#### [TASK TO COMPLETE]
Would you return each record that follows word for word, without its pictures?

#### [THE RECORDS]
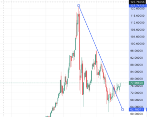 最高値の高値12ドルから暴落しましたが、高値を結んだ抵抗の青い線を完全に切って上昇を続け始めました。
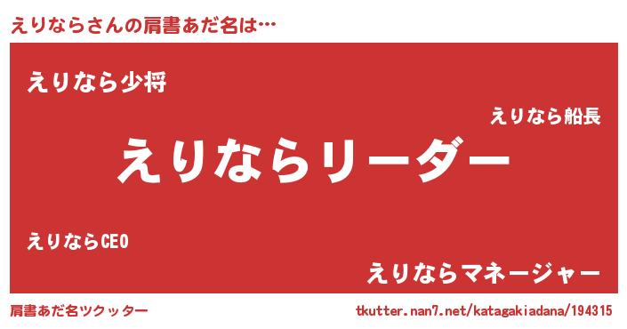 | 意味不明あだ名 | 『とにかく怪しいえりなら』 |
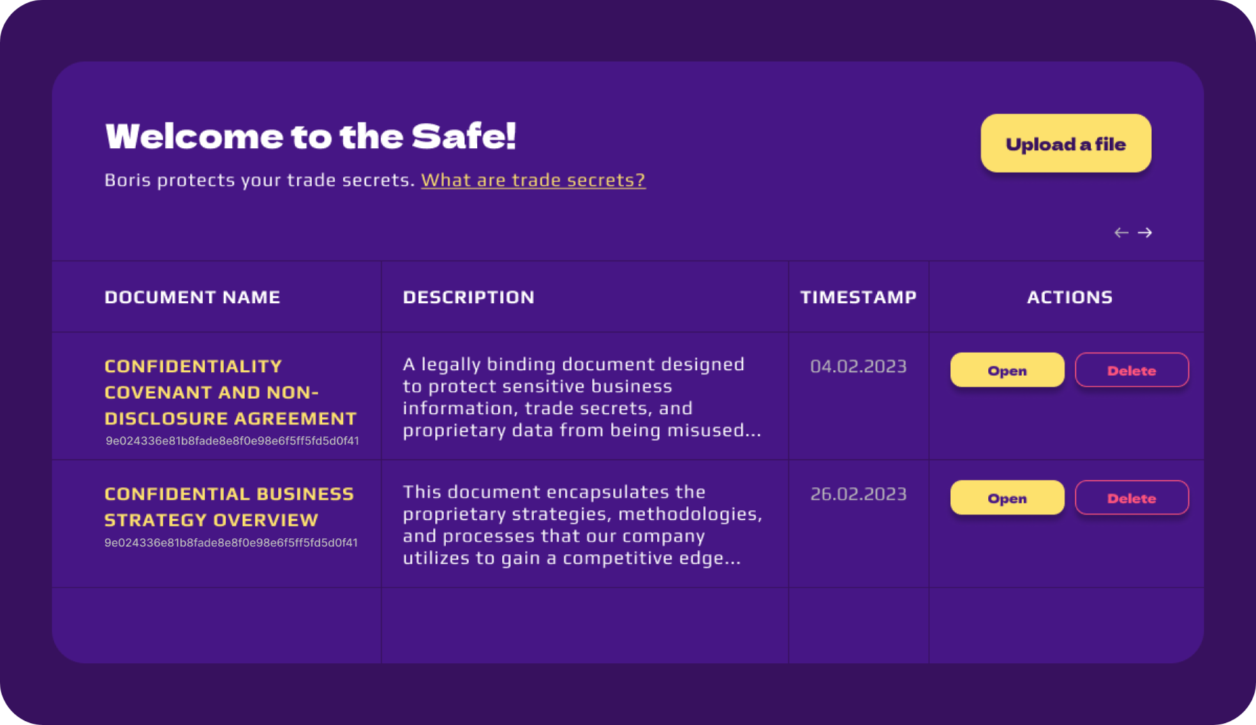 Trade secrets are the secret ingredients to your business's success.Be it a unique marketing concept, your state of the art algorithm, or that revolutionary deeptech innovation, Boris ensures that they remain secure while shareable.
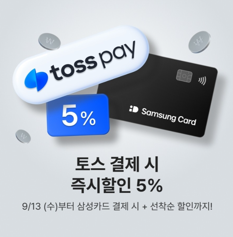 크림 토스로 결제시 즉시할인 5% 삼성카드 결제시 선착순 할인
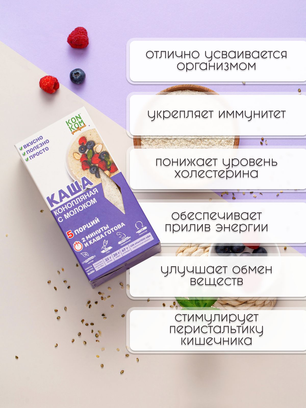 Каша быстрого приготовления в упаковке 5 пакетиков по 50 г, 1 пакетик на 1 прием. Конопляная каша из конопляных ядер и овсяных хлопьев и молоком. Прекрасное начало вашего дня.
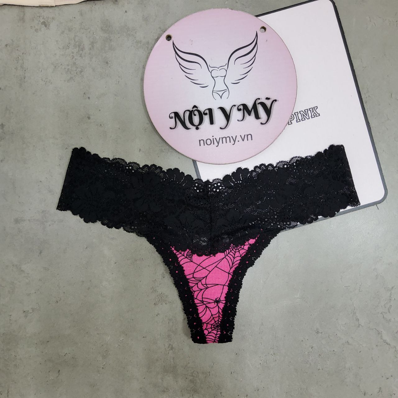 Quần lót Pink lọt khe thun cotton lưng ren đen màu hồng hoạ tiết 420461rdu
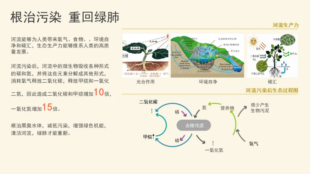 回到之前談到的河流高碳排放問題,經研究河流生態系統破壞後,水中的微生物為了降解污染需要加大力度吸收氧氣,釋放環比高出平常10~15倍的二氧化碳和甲烷,這就是河流變高碳排放源的主因。病理找到,根治的方法就是修復生態系統,降低污染,增加陸地森林和水下森林的數量,綠肺機能才能恢復正常。
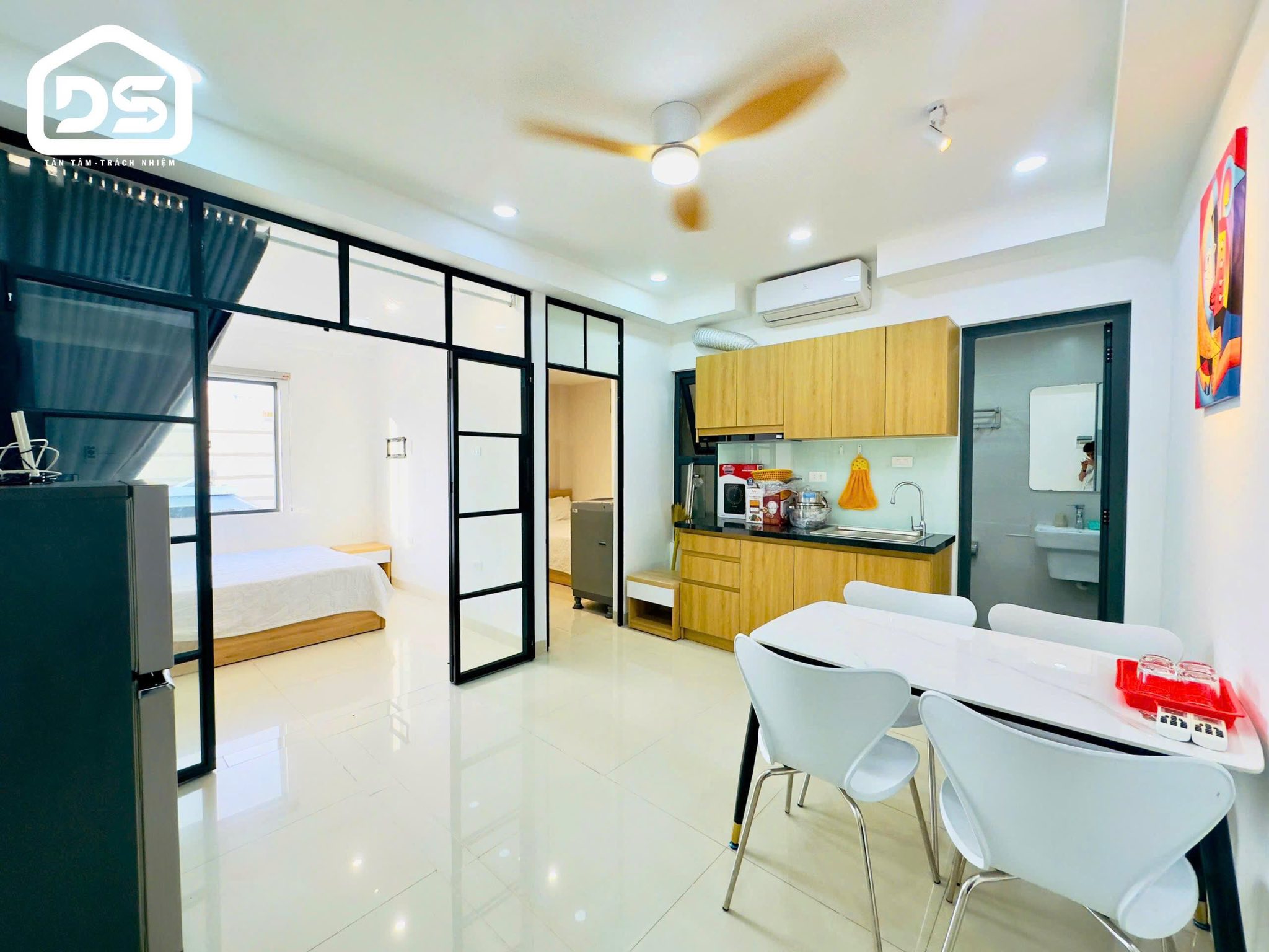 - Diện tích: 50m2 full nội thất máy giặt riêng
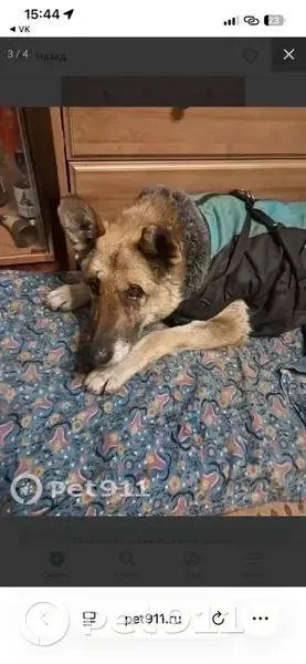 Добрый день. В ночь с 02.01 на 03.01.26 у дома 86 Октябрьской набережной найдена взрослая овчарка, девочка. Одета в зимний комбинезон. Сразу подошла к нам и прижалась к ногам. Отогрели в машине. Сейчас временно на передержке. Собака домашняя, очень добрая, не лает много лежит. В туалет просится (приучена). Просим хозяину откликнуться либо тем кто может взять себе.
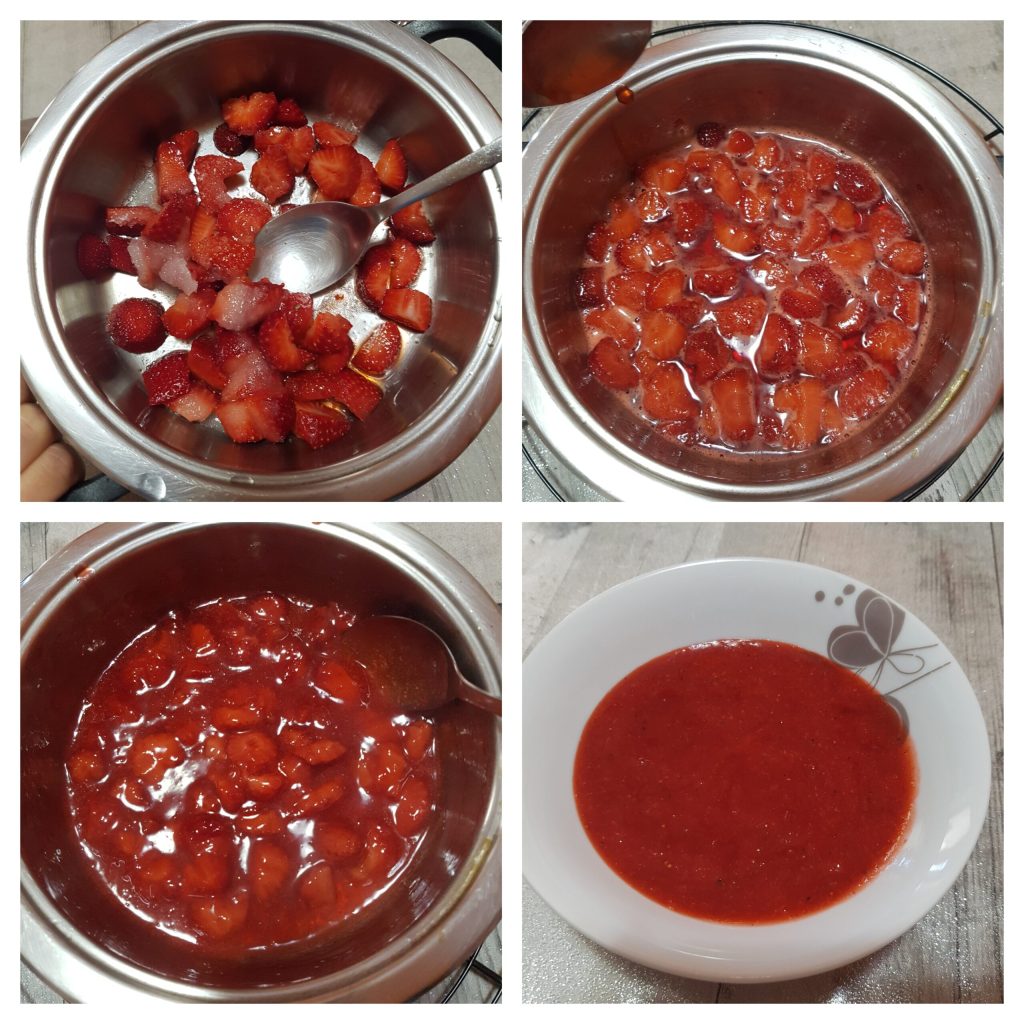 En una sartén, verter las fresas cortadas previamente en cubitos y añadir el zumo de limón, el azúcar granulada y mezclar, añadir un chorrito de agua y poner al fuego a llama baja a cocer durante unos diez minutos. Por último, disolver una cucharadita de almidón de maíz en un chorrito de agua y verter en la mezcla. Mezclar con cuidado y cuando las fresas estén cremosas y blandas, apagar y dejar enfriar completamente. Finalmente, triturarlas usando una batidora de inmersión para hacerlas cremosas. Si no es temporada de fresas, se pueden usar frambuesas frescas o frutos rojos o frutos del bosque.
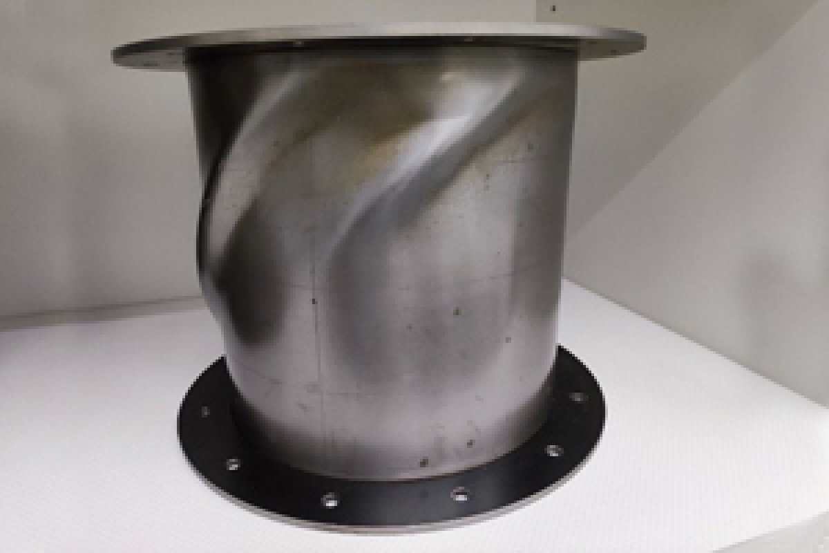Bei diesen Exponaten handelt es sich um Schalenprüfkörper, welche in Beulversuchen untersucht wurden. Stählerne Schalentragwerke werden aufgrund ihrer strukturellen Effizienz mit den hohen Materialfestigkeiten von Stahl in verschiedenen Bereichen, wie z.B. für Windkrafttürme, Behälter, Silos sowie Schornsteine eingesetzt. Aufgrund der genannten Eigenschaften ist es möglich, sehr filigrane Konstruktionen zu realisieren, welche enormen Belastungen standhalten können. Durch die Dünnwandigkeit der Schalenkonstruktionen ist es jedoch sehr wahrscheinlich, dass die Stabilität des gesamten Tragwerks oder eines Teiles durch das Versagensphänomen „Beulen“ verloren geht. Um das Beulverhalten experimentell zu ermitteln und mit numerischen Verfahren zu untersuchen werden die hier dargestellten Kleinprüfkörper untersucht, welche maßstabsgetreu zu den Originalbauteilen ausgebildet werden.
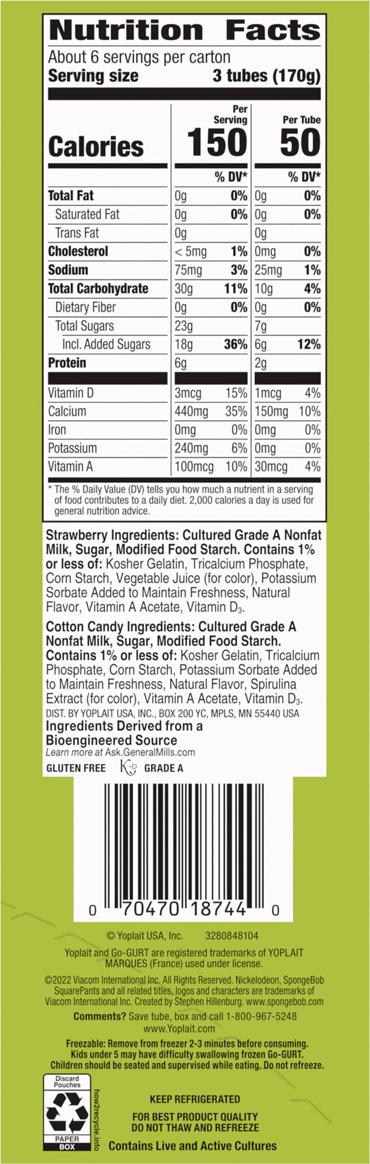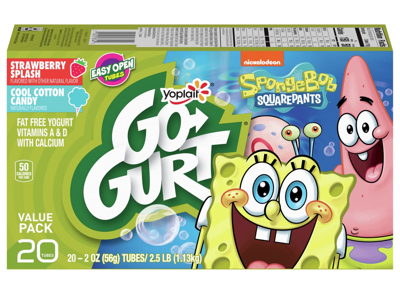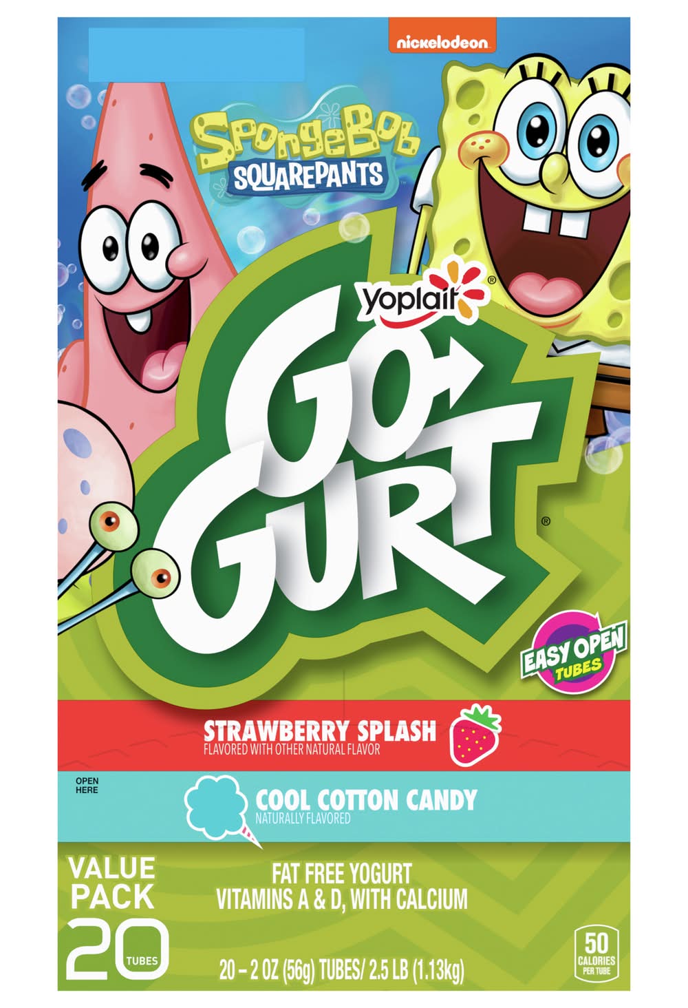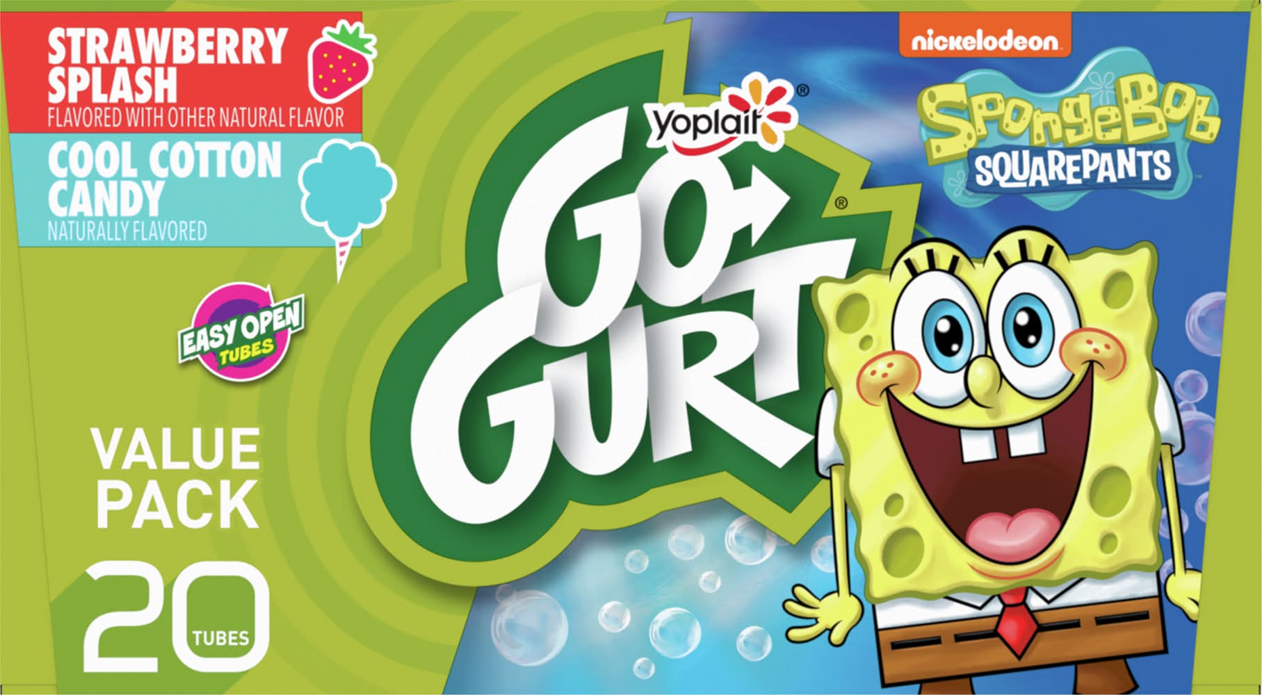 Go-Gurt Spongebob Squarepants Yogurt Tubes, Strawberry-Cotton Candy (20 x 2 oz)

#### [WRITTEN ANSWER]
 最高値の高値12ドルから暴落しましたが、高値を結んだ抵抗の青い線を完全に切って上昇を続け始めました。
 | 意味不明あだ名 | 『とにかく怪しいえりなら』 |
 Trade secrets are the secret ingredients to your business's success.Be it a unique marketing concept, your state of the art algorithm, or that revolutionary deeptech innovation, Boris ensures that they remain secure while shareable.
 크림 토스로 결제시 즉시할인 5% 삼성카드 결제시 선착순 할인
 Каша быстрого приготовления в упаковке 5 пакетиков по 50 г, 1 пакетик на 1 прием. Конопляная каша из конопляных ядер и овсяных хлопьев и молоком. Прекрасное начало вашего дня.
 Quần lót Pink lọt khe thun cotton lưng ren đen màu hồng hoạ tiết 420461rdu
 回到之前談到的河流高碳排放問題,經研究河流生態系統破壞後,水中的微生物為了降解污染需要加大力度吸收氧氣,釋放環比高出平常10~15倍的二氧化碳和甲烷,這就是河流變高碳排放源的主因。病理找到,根治的方法就是修復生態系統,降低污染,增加陸地森林和水下森林的數量,綠肺機能才能恢復正常。
 - Diện tích: 50m2 full nội thất máy giặt riêng
 Добрый день. В ночь с 02.01 на 03.01.26 у дома 86 Октябрьской набережной найдена взрослая овчарка, девочка. Одета в зимний комбинезон. Сразу подошла к нам и прижалась к ногам. Отогрели в машине. Сейчас временно на передержке. Собака домашняя, очень добрая, не лает много лежит. В туалет просится (приучена). Просим хозяину откликнуться либо тем кто может взять себе.
 En una sartén, verter las fresas cortadas previamente en cubitos y añadir el zumo de limón, el azúcar granulada y mezclar, añadir un chorrito de agua y poner al fuego a llama baja a cocer durante unos diez minutos. Por último, disolver una cucharadita de almidón de maíz en un chorrito de agua y verter en la mezcla. Mezclar con cuidado y cuando las fresas estén cremosas y blandas, apagar y dejar enfriar completamente. Finalmente, triturarlas usando una batidora de inmersión para hacerlas cremosas. Si no es temporada de fresas, se pueden usar frambuesas frescas o frutos rojos o frutos del bosque.
Bei diesen Exponaten handelt es sich um Schalenprüfkörper, welche in Beulversuchen untersucht wurden. Stählerne Schalentragwerke werden aufgrund ihrer strukturellen Effizienz mit den hohen Materialfestigkeiten von Stahl in verschiedenen Bereichen, wie z.B. für Windkrafttürme, Behälter, Silos sowie Schornsteine eingesetzt. Aufgrund der genannten Eigenschaften ist es möglich, sehr filigrane Konstruktionen zu realisieren, welche enormen Belastungen standhalten können. Durch die Dünnwandigkeit der Schalenkonstruktionen ist es jedoch sehr wahrscheinlich, dass die Stabilität des gesamten Tragwerks oder eines Teiles durch das Versagensphänomen „Beulen“ verloren geht. Um das Beulverhalten experimentell zu ermitteln und mit numerischen Verfahren zu untersuchen werden die hier dargestellten Kleinprüfkörper untersucht, welche maßstabsgetreu zu den Originalbauteilen ausgebildet werden.
 Go-Gurt Spongebob Squarepants Yogurt Tubes, Strawberry-Cotton Candy (20 x 2 oz)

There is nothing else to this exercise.